Title: Dreams Unremembered
Author: Fireness
Rating: T/PG-13
Genre and/or Pairing: Slash, Dean/Cas
Spoilers: Up to the end of Season 6
Warnings: None?
Word Count: 900 exactly
Summary: Dean often wondered what normal people dream about.
Dean often wondered what normal people dream about.
He could not imagine what it must be like to have such vague dreams you cannot even remember them after you wake up. His dreams have always been so vivid, ever since he was a young child and used to dream about his mother’s death. What was it like to have such an average life that your worst nightmare was of a spider crawling across your face or you’re naked in front of a large audience? Nightmares so trivial that all you have to do is turn over and fall back asleep in order to forget about them.
Normally, he thought that sort of life would be boring. He was never cut out for a white picket fence and a nine-to-five job. He knew that long before Zachariah came along and shoved the message directly in his face. Dean Winchester was not normal, would never live a normal life, and for the most part he was okay with that. But sometimes…sometimes when he woke up in the middle of the night, drenched in sweat from a nightmare so intensely real because he had experienced in once and was now reliving it over and over again in his sleep…he just wanted a normal life with normal dreams. Not ones in which he was ripped to shreds by Hellhounds or beaten to death by Sammy, or where he had to witness his brother being stabbed, possessed, drinking demon blood, or was unemotionally hunting down Bobby.
Sammy knew facts about dreams. For instance, women were more likely than men to dream about their teeth falling out. Or how Aristotle was the first to write down treatises on the nature of the soul in regards to dreams. He took comfort in knowing details; whether or not knowing helped diminish the impact of the dream, Dean didn’t ask him. That’s just how Sammy was. He liked tangible things like dates, statistics, and books. Dean, though…Dean knew the emotions about dreams. He knew that a dream about his mother’s death was the sort of thing that would spur him to find their next hunt quickly because saving someone else’s mother somehow made up for Mary’s death. He knew that a nightmare involving Bobby would result in Dean giving him a call to see what was new, or that one featuring Sammy would cause Dean to watch his brother a little bit closer.

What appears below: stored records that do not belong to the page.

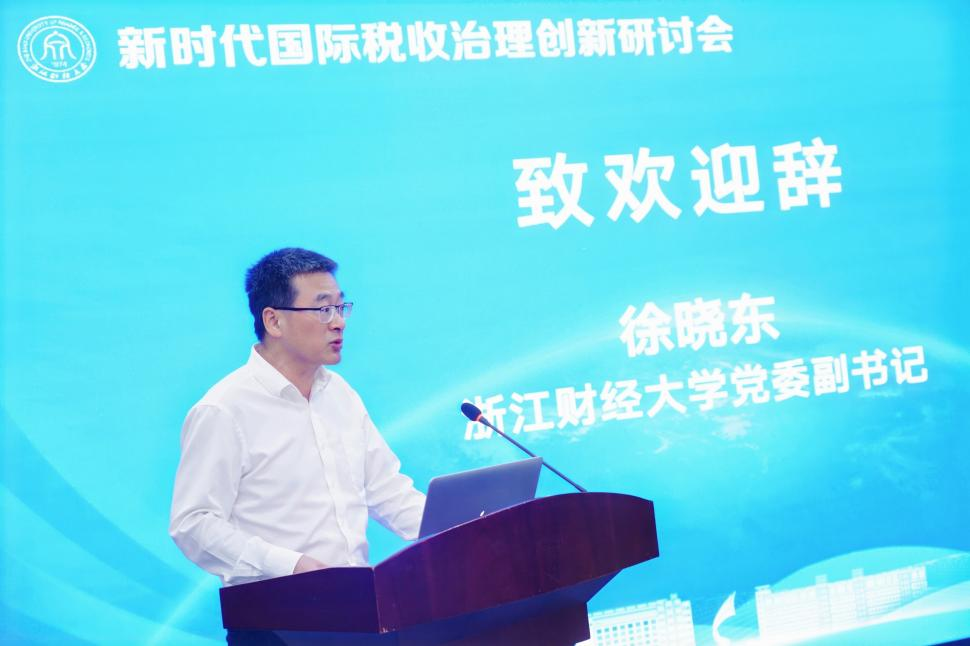 和中国税务杂志社《国际税收》编辑部、浙江省国际税收研究会联合主办的“新时代国际税收治理创新研讨会”在学校下沙校区成功举行。校党委副书记徐晓东,中国税务杂志社副总编辑程雪松,浙江省国际税收研究会会长劳晓峰等领导和专家出席研讨会。来自高校、科研机构、税务部门及企业的百余位专家学者和硕博研究生参加会议。开幕式由学院院长付文林教授主持。
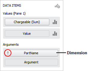 - Dimension, argument and/or series bars in the DATA ITEMS panel.
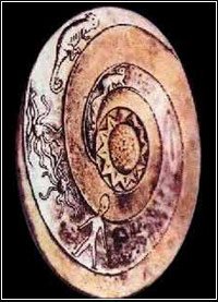 Γύρω από την τρύπα υπήρχε μια σπειροειδής χάραξη που στο πλαίσιό της ακτινοβολούσε, και που μια προσεκτικότερη ματιά έδειχνε ότι στο εσωτερικό της υπήρχε μια σειρά από γραφικούς χαρακτήρες (σαν ιερογλυφικά), που έδιναν την εντύπωση ενός κειμένου.
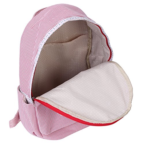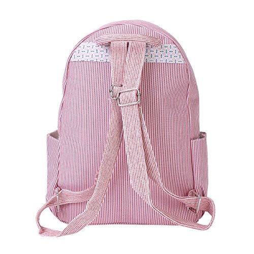 Details: This fasion stripe&floral print backpack is made of canvas fabric.It's nice and big,has good sturdy quilted and adjustable shoulder straps plus a good sized pocket with magic snap closure to the front.The pack offers a large main compartment for you to can load up books, notebooks,and other bulky items and it use a high quality ployester lining.Outside with zipper around,safety for your items.Measurement is app 34x11x36cm(13.3"x4.33"x14.17")
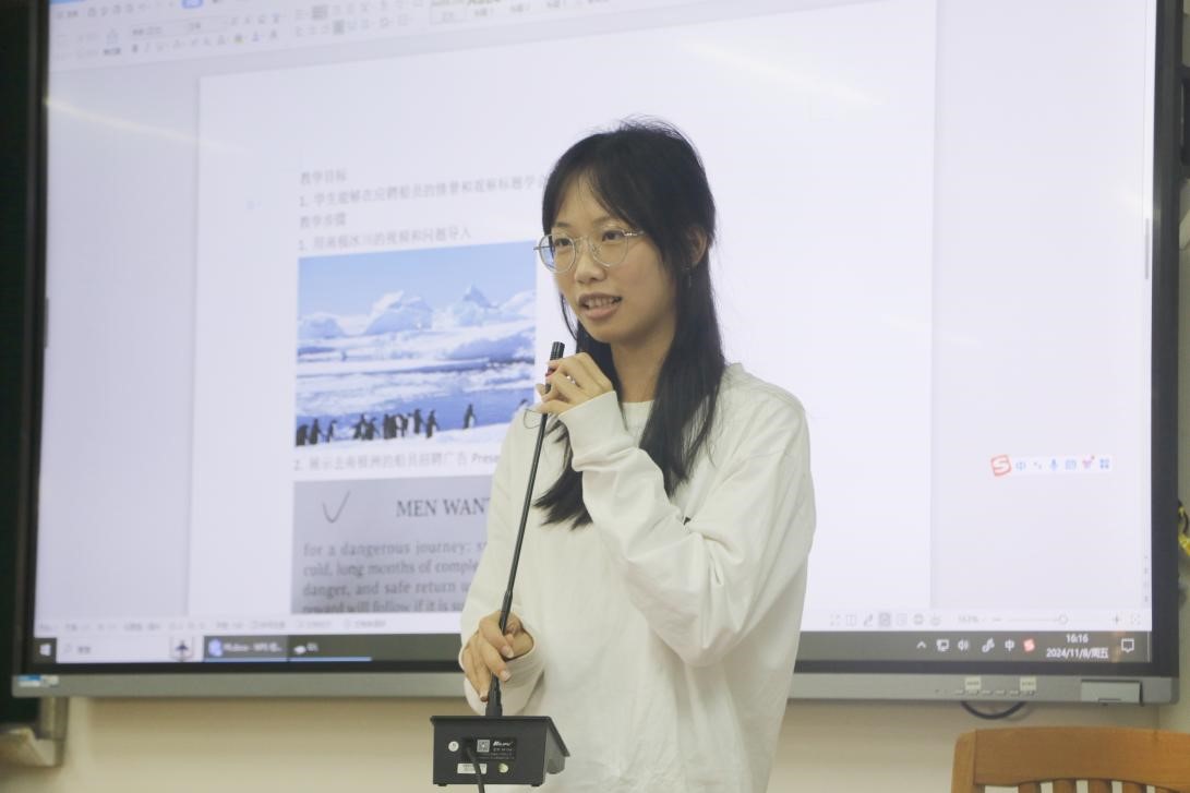 在实践活动中,师生共同参与,积极协作,组成了八个小组。各小组围绕阅读、写作、词汇、语法四大教学主题进行限时课堂活动设计。在短暂的半个小时准备时间里,各小组积极交流讨论,结合老师提出的建议完成课堂活动设计并通过说课或上课的方式进行展示。
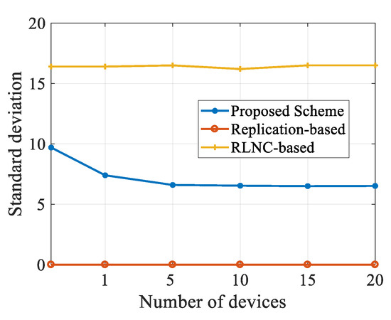 In the experiment, we calculate the increased load of encoding and decoding. Because the replication-based scheme has no codec operation, the load value of this scheme is always zero. From Figure 11, the average load value of the nodes in our scheme is only half that of the RLNC-based scheme, and this is because the redundant operations of the source nodes are reduced. Besides, as the number of nodes increases, the standard deviation of our scheme declines.
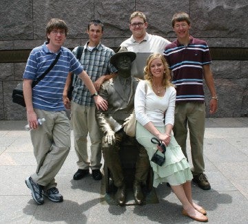 Kevin Larsen (left) takes a photo with Youth Tour friends at the FDR Memorial in 2006. -Photo by Brenda Kleinjan, Sioux Valley Energy.

For most of his life, Dean always remembered his dreams. Even if it was something stupid like the time in High School when he dreamed about Taylor Singleton, the head cheerleader, going down on him. Things started changing, however, when he was resurrected from Hell. Sometimes he would wake up drenched in sweat and hard as a rock with no idea what had gotten him into such a state. He worried that he was dreaming about being back in Hell and it was the torture that was getting him off. He worried that temporary death had affected him worse than they all thought. He worried that his was losing his mind. But he remembered his Hell-dreams vividly enough and they made him feel sick rather than turned on. He still knew how to do his job, and for the most part his memory was intact. It was just that sometimes he couldn’t remember his dreams, and wasn’t that what he had always wanted?
And it’s not like he drew a complete blank when trying to recall what pictures his subconscious mind had been creating. When he strained really hard, Dean could remember the feel of big, soft hands stroking his sides, chapped lips against his collar bone. He thought there was something oddly familiar about it all, but the harder he tried to recall, the quicker the dream slipped from his grasp. The pattern of maddeningly erotic dreams followed by temporary amnesia was so consistent, he wondered if there were some outside force dictating what he could and could not recollect. But that idea seemed so ridiculous, he always dismissed it as soon as he thought it, and five minutes later would forget he had even had an inkling of an idea. And soon, after quickly jacking off or covering up the sheets so Sammy wouldn’t see (depending on just how involved the dream had gotten) he would forget he had even had a dream.
The thing is, it’s easy to realize when you are remembering something more often. It’s harder to establish a pattern when you are forgetting things instead. So Dean didn’t make the connection that his dream-related memory lapses started when he returned from Hell and ended shortly after one fateful Superman reference. He failed to notice that he stopped forgetting his dreams during his year with Lisa. To be fair, he had more important things to worry about than a missed dream or two.
But he never remembered that one time Castiel had come to him in a dream. He didn’t make the connection that Angels were capable of coming and going in a human’s subconscious mind at will. He forgot that they could make a person forget as much or as little as they desired.
He never remembered that no matter the setting or progression of the dreams, the one constant factor was a ubiquitous tan overcoat that had been through more than any garment should have been able to withstand.